• ABOUT THIS TASK
Copy out the full listing exactly, omitting any picture it contains.
Segment Start: RAW DATA
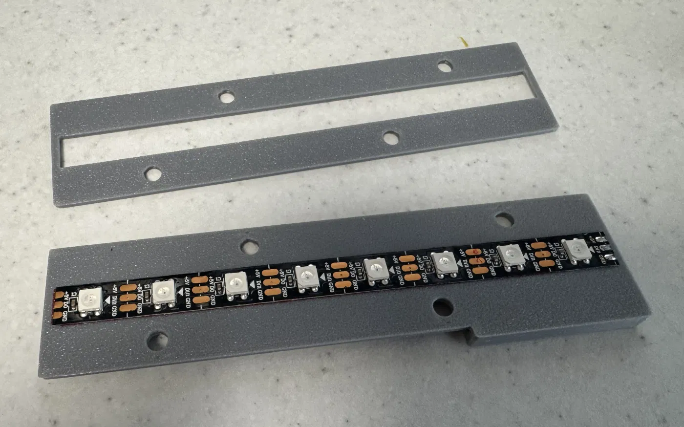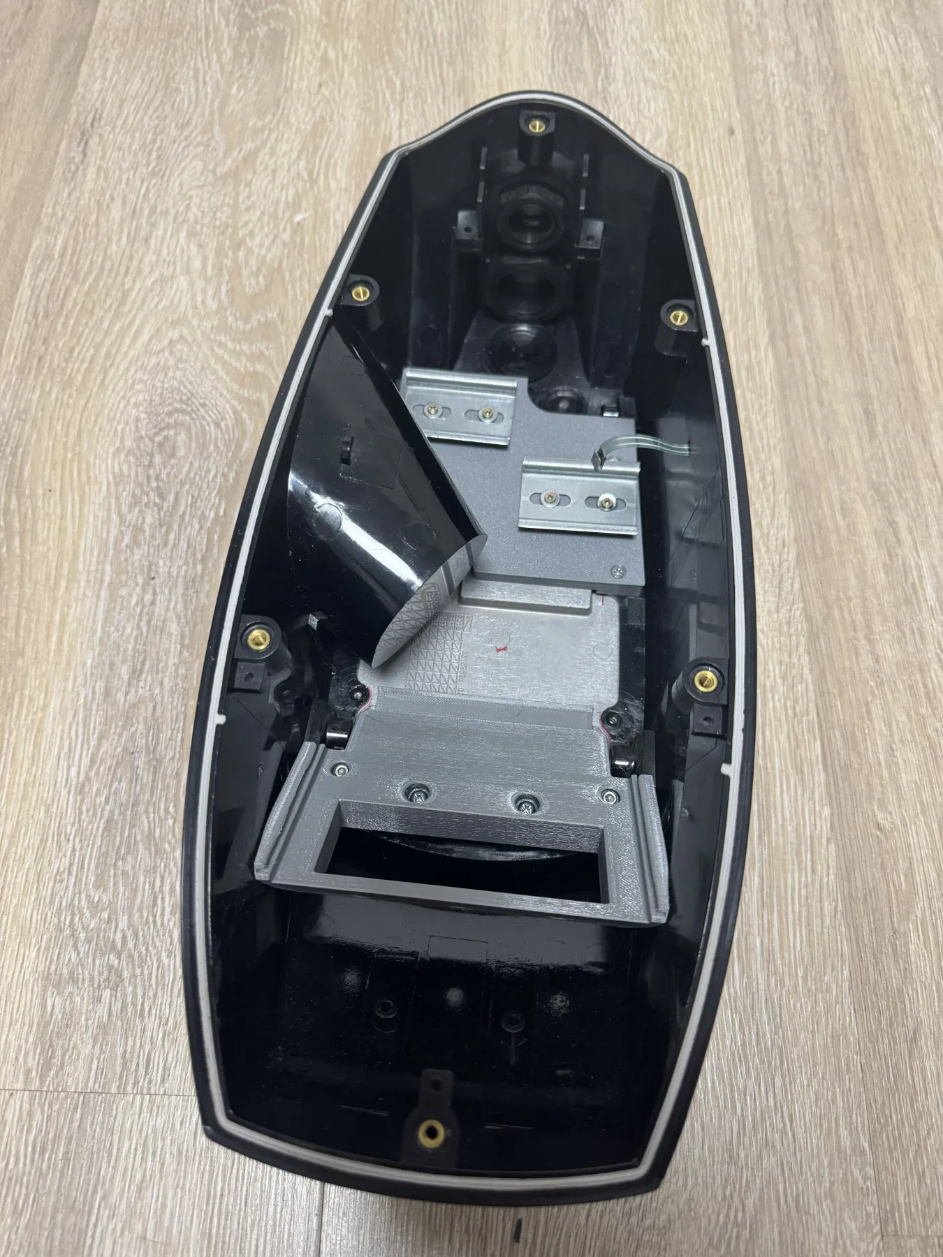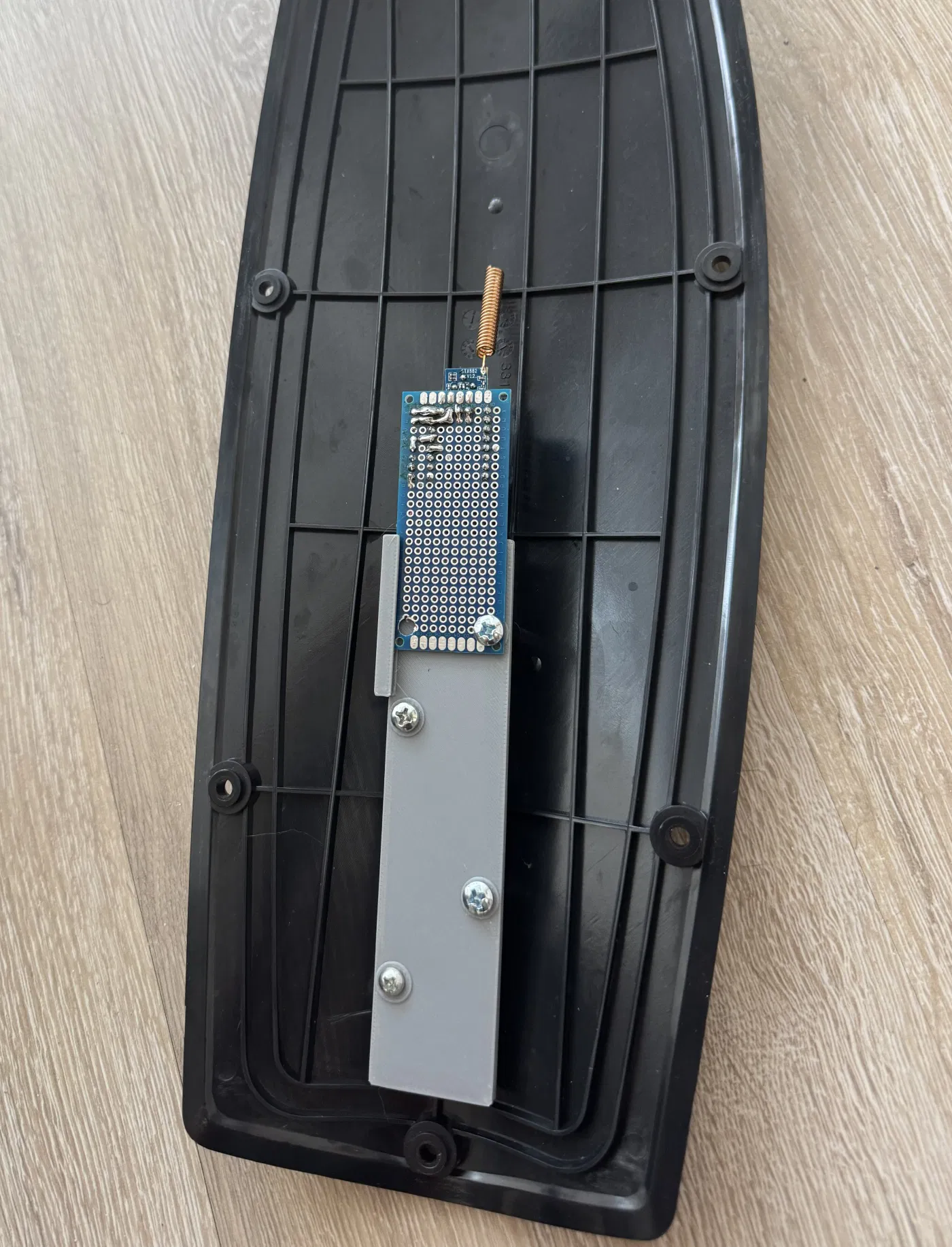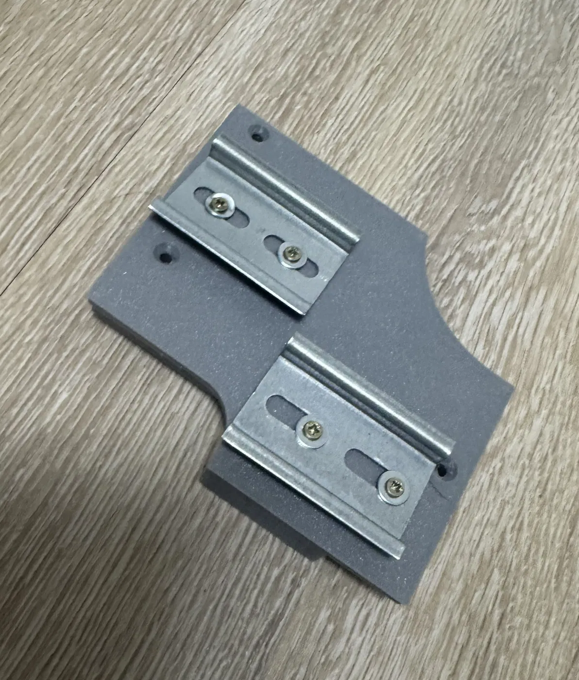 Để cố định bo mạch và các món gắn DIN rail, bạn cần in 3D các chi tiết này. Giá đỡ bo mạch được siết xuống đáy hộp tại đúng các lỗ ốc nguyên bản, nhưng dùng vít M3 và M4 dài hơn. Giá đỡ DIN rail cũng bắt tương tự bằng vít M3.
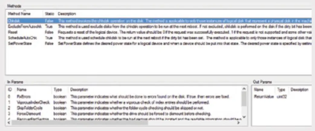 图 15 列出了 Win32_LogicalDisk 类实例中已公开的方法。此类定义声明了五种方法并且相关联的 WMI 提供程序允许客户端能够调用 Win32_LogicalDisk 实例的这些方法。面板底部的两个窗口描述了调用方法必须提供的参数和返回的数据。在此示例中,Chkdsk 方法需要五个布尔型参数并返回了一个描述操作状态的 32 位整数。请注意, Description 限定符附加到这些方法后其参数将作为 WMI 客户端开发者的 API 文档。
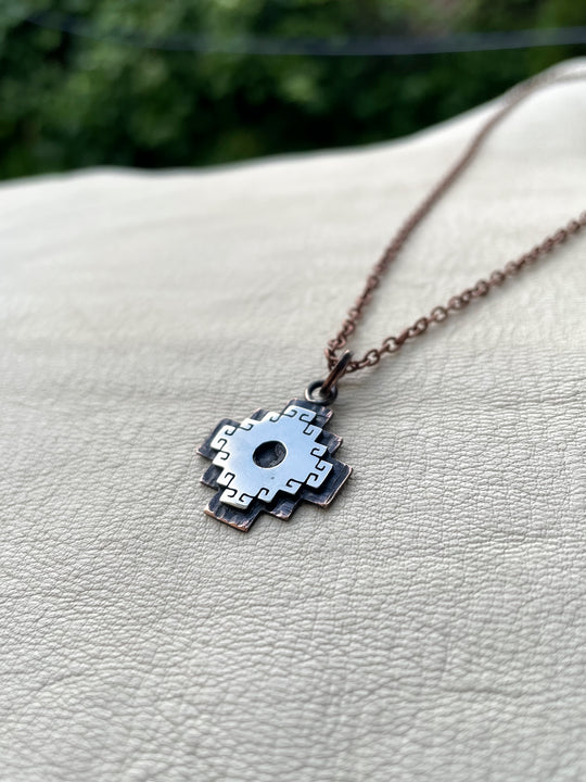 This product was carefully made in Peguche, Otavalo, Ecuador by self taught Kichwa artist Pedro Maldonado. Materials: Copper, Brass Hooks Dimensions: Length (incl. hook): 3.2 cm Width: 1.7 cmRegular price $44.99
Segment End: RAW DATA
• TASK RESPONSE
 Để cố định bo mạch và các món gắn DIN rail, bạn cần in 3D các chi tiết này. Giá đỡ bo mạch được siết xuống đáy hộp tại đúng các lỗ ốc nguyên bản, nhưng dùng vít M3 và M4 dài hơn. Giá đỡ DIN rail cũng bắt tương tự bằng vít M3.
 图 15 列出了 Win32_LogicalDisk 类实例中已公开的方法。此类定义声明了五种方法并且相关联的 WMI 提供程序允许客户端能够调用 Win32_LogicalDisk 实例的这些方法。面板底部的两个窗口描述了调用方法必须提供的参数和返回的数据。在此示例中,Chkdsk 方法需要五个布尔型参数并返回了一个描述操作状态的 32 位整数。请注意, Description 限定符附加到这些方法后其参数将作为 WMI 客户端开发者的 API 文档。
 This product was carefully made in Peguche, Otavalo, Ecuador by self taught Kichwa artist Pedro Maldonado. Materials: Copper, Brass Hooks Dimensions: Length (incl. hook): 3.2 cm Width: 1.7 cmRegular price $44.99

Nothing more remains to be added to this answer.